Герцог Бирон торопился, видимо, довольный приходом брата, и хотел покончить совсем с делами, прежде чем разговориться с ним. Он относился к Густаву, как вообще мы относимся к людям, обязанным нам своим счастьем. Нам приятно и весело видеть это их счастье, и мы обыкновенно любим их гораздо более человека, перед которым сами чувствуем себя обязанными. И герцогу Бирону приятно и весело было смотреть на своего красивого и видного брата, далекого от всей мелкоты и дрязг, в которых самому ему приходилось возиться, счастливого, здорового и радостного. Радостью жизни веяло всегда на герцога, когда он глядел на красивую, сильную фигуру брата, и он всегда приветливо улыбался последнему.
Он улыбнулся ему и на этот раз и весело сказал:
— Погоди, присядь! Сейчас освобожусь. Густав сел в кресло поодаль.
— Я тебе буду мешать, может быть? — спросил он.
— Нет, вот только одного отпущу.
— А там в приемной много ждет. Герцог махнул рукой.
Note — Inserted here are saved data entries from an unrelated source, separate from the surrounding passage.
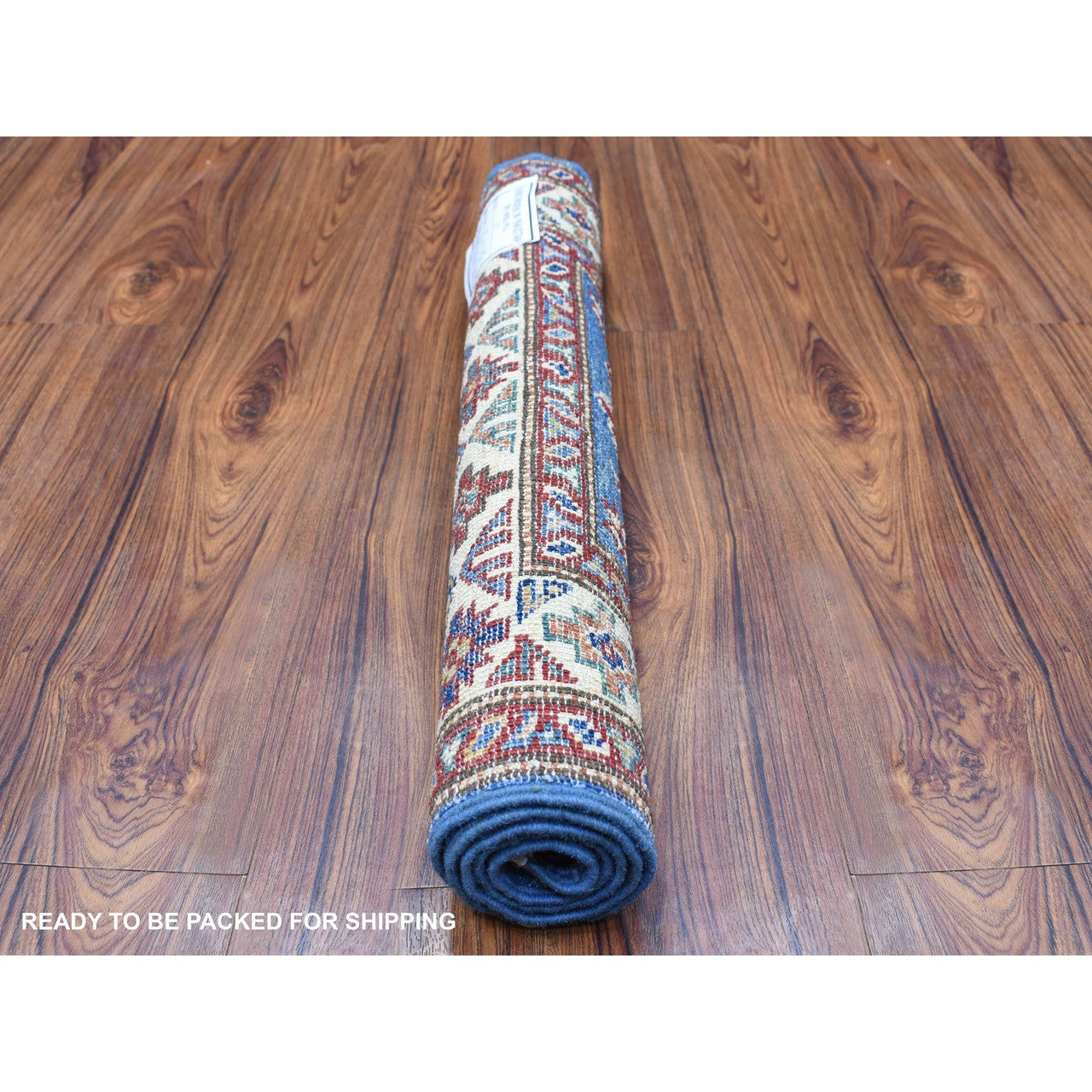 Kazak Wool Hand Knotted Rug Blue Ivory 2.0X3.2 -O068109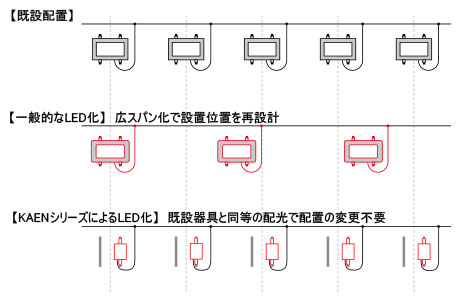 一般的なLED化では、新しい器具に合わせた照明設備設計や、広スパン化による配置位置の変更、取付金具や配線ケーブルなどの更新、アンカー工事など工期や費用などの多くの負担が必要でした。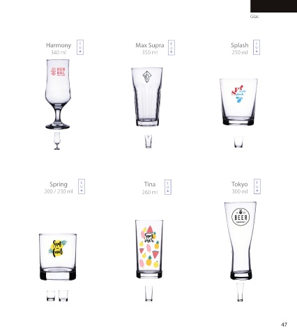 Glas Harmony E U Max Supra U E Splash U E 340 ml 350 ml 250 ml Glas Spring E U Tina E Tokyo U E 200 / 230 ml 260 ml U 300 ml 47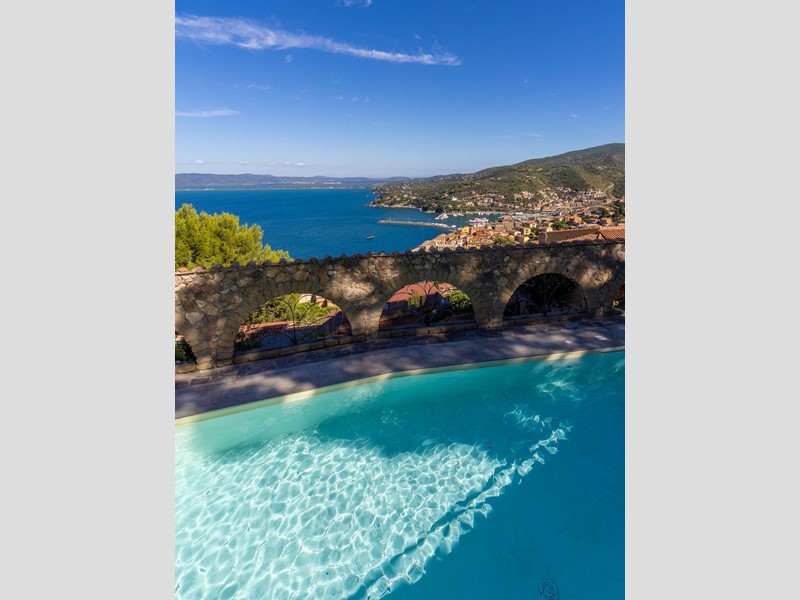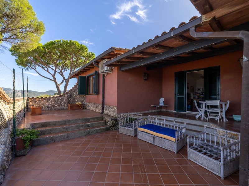 L'unicità della proprietà è data dallo spazio esterno: una grande terrazza offre un panorama mozzafiato su tutto il paese, e la costa maremmana che spazia da Talamone ad Ansedonia, una comoda corte d'ingresso pavimentata che offre anche un piacevole angolo barbecue e un giardino pianeggiante che vanta piante tipiche mediterranee ed alberi ad alto fusto. Il panorama spettacolare si gode anche da dentro casa, oltre che dagli spazi comuni.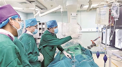 人工智能影像诊断辅助系统对卒中急救的助力,还体现在动脉取栓上。同样基于医生团队对“组织窗”的有效评估,动脉取栓治疗也有望打破传统24小时的“黄金时间窗”。目前,康复大学青岛中心医院正积极开展发病24到72小时内缺血性卒中患者动脉取栓的前瞻性医学研究。对于此类患者,袁海成带领团队积极开展先溶栓后取栓的桥接治疗和先取栓再溶栓的反桥接治疗,两种方案均取得了很好的治疗效果。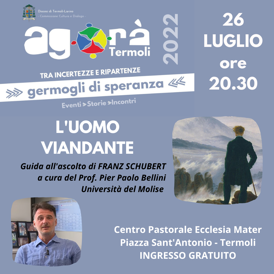 Nell’ambito delle iniziative culturali di Agorà 2022 della diocesi martedì 26 luglio 2022, alle 20.30, nello spazio all’aperto del Centro Pastorale ‘Ecclesia Mater’ di Termoli è in programma una serata dal titolo “L’uomo viandante”. L’evento prevede una guida all’ascolto di Franz Schubert a cura del prof. Pier Paolo Bellini, docente dell’Università del Molise.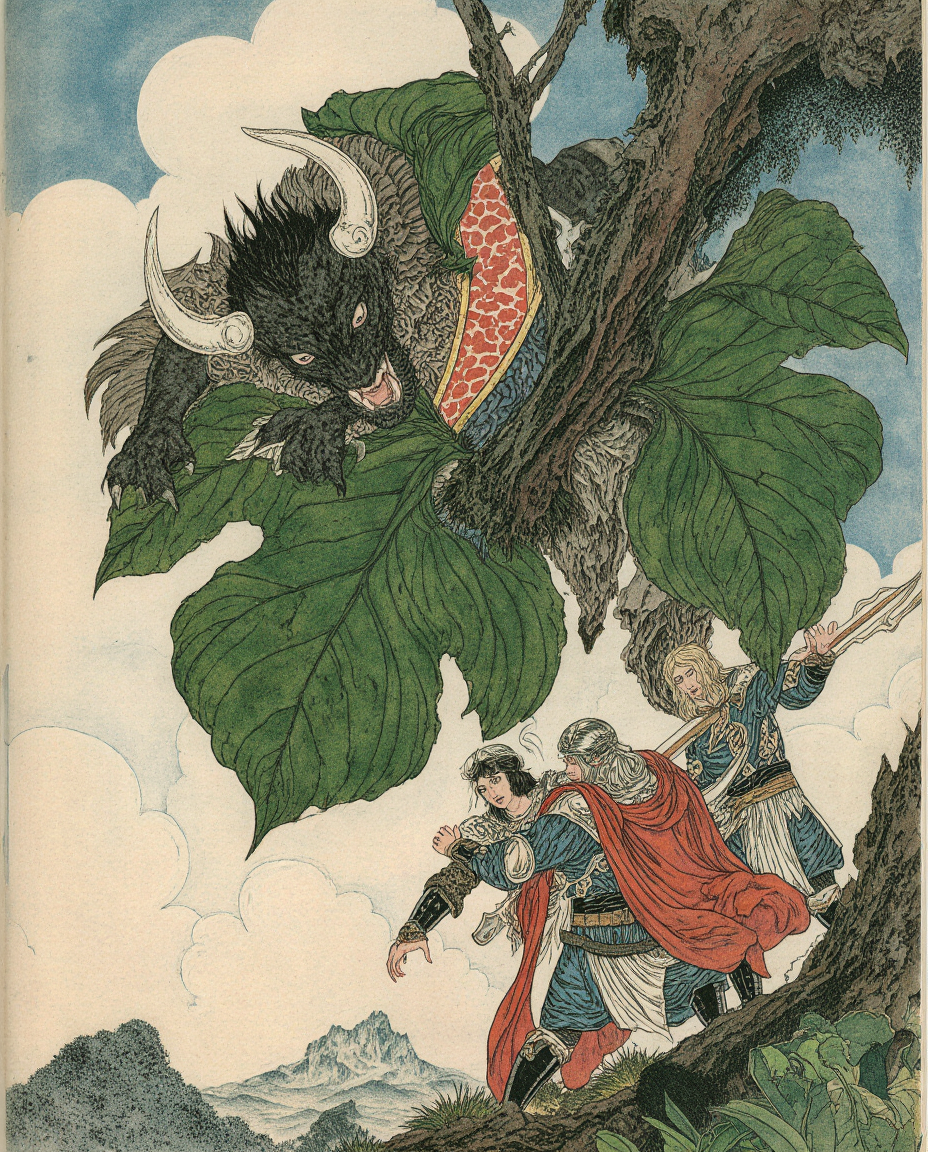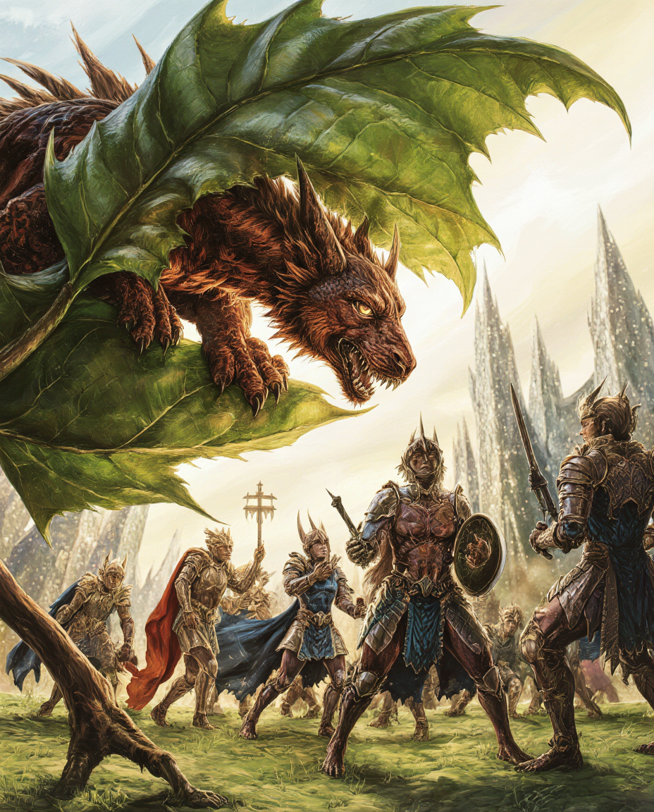 Вариант 3: это больше всего похоже на обложки для АТ. Смущает фон картинки. Рыцари тут конечно смешные. Зато образ мантикоры ближе к классике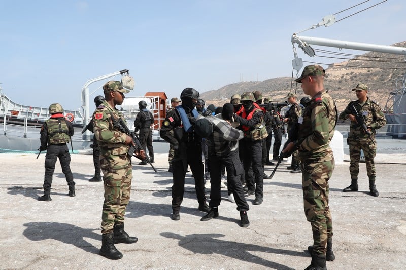 ويتمثل سيناريو هذه المناورات، التي جرت بحضور كل من الفريق محمد بن الوالي، رئيس أركان الحرب المنطقة الجنوبية، واللواء دانييل سيديرمان، نائب قائد فرقة العمل التابعة للجيش الأمريكي لجنوب أوروبا وأفريقيا، في التدخل لتأمين ميناء أكادير عند وصول السفينة المشتبه بها التي تحمل أسلحة دمار شامل.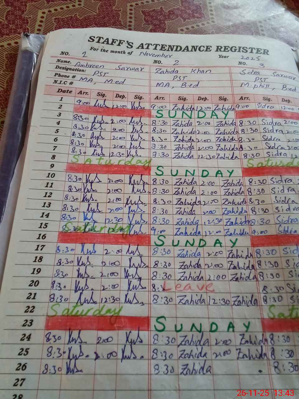 | CNIC | Full Name | Designation | R/C | Absence During Last Calender Month |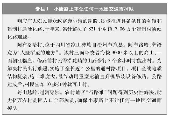 通達深度全面提升。實現(xiàn)了具備條件的約3萬個鄉(xiāng)鎮(zhèn)、超過50萬個建制村全部通硬化路(專欄1)。有序?qū)嵤┝溯^大人口規(guī)模自然村(組)通硬化路建設(shè)。旅游景點、產(chǎn)業(yè)園區(qū)、資源礦產(chǎn)等農(nóng)村地區(qū)主要經(jīng)濟節(jié)點的通硬化路問題基本解決。偏遠地區(qū)尤其是山區(qū)農(nóng)民群眾對外出行更加便捷。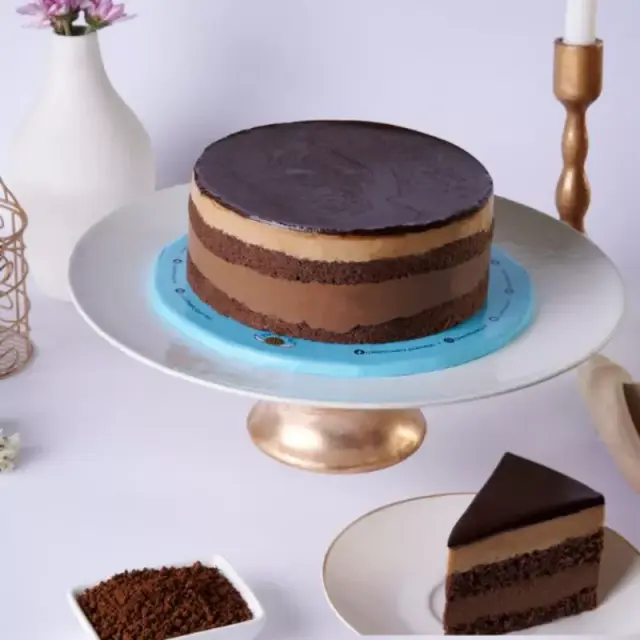 Layers of chocolate mousse, Coffee mousse with two layers of light chocolate cake topped with dark chocolate ganache. Size: 2 Pounds Useful Ordering Info: Same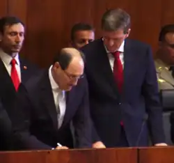 The province formed a legislative power, whose approved projects were submitted to the president.[124][125] The 1834 Additional Act sought to regulate the relations between the legislative and the executive; the president could return (veto) to the legislature projects that he considered "inconvenient" and "unconstitutional". If it was classified as unconstitutional, it was submitted to the imperial government and to the General Assembly for deliberation; if inconvenient, the veto could be overturned by a vote of two thirds of the legislators.[126][127] In addition, it was possible for the president to postpone legislative sessions, sometimes leading to the postponement of the budget deliberation.[125] The deputies were elected by the people, and the provincial presidents acted as electoral agents for members of their cabinets.[111] The president and the legislators did not always coexist harmoniously; in 1889, the deputies approved a motion asking the imperial government to dismiss President Galdino Pimentel, which occurred a few days later.[128] These conflicts were more frequent when the president of the province belonged to a different party from the majority of the deputies.[129]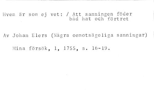 Hvem är som ej vet: / Att sanningen föder //// båd hat och förtret //// Av Johan Elers (Några oemotsägeliga sanningar) Mina försök, 1, 1755, s. 16-19.

— Те сами не ведают, зачем пришли. Знаю я их… Посидят и уйдут, довольные, что посидели там.
В это время в маленькой внутренней дверце, обтянутой расписною парусиной, как и все стены кабинета, появился Иволгин, которого ввел секретарь. Его голова была замотана повязкой, из-под которой на лбу виднелся синевато-багровый подтек, одежда выказывала, что много тщетных усилий было употреблено для приведения ее в порядок.
Бирон с нескрываемым омерзением отвернулся к окну и, морщась, спросил:
— Что? Какое дело?
Иволгин, не оробев, как человек бывалый и, видимо, не раз уже разговаривавший с герцогом, начал кратко, сжато, но подробно рассказывать обо всем происшедшем с ним в аустерии.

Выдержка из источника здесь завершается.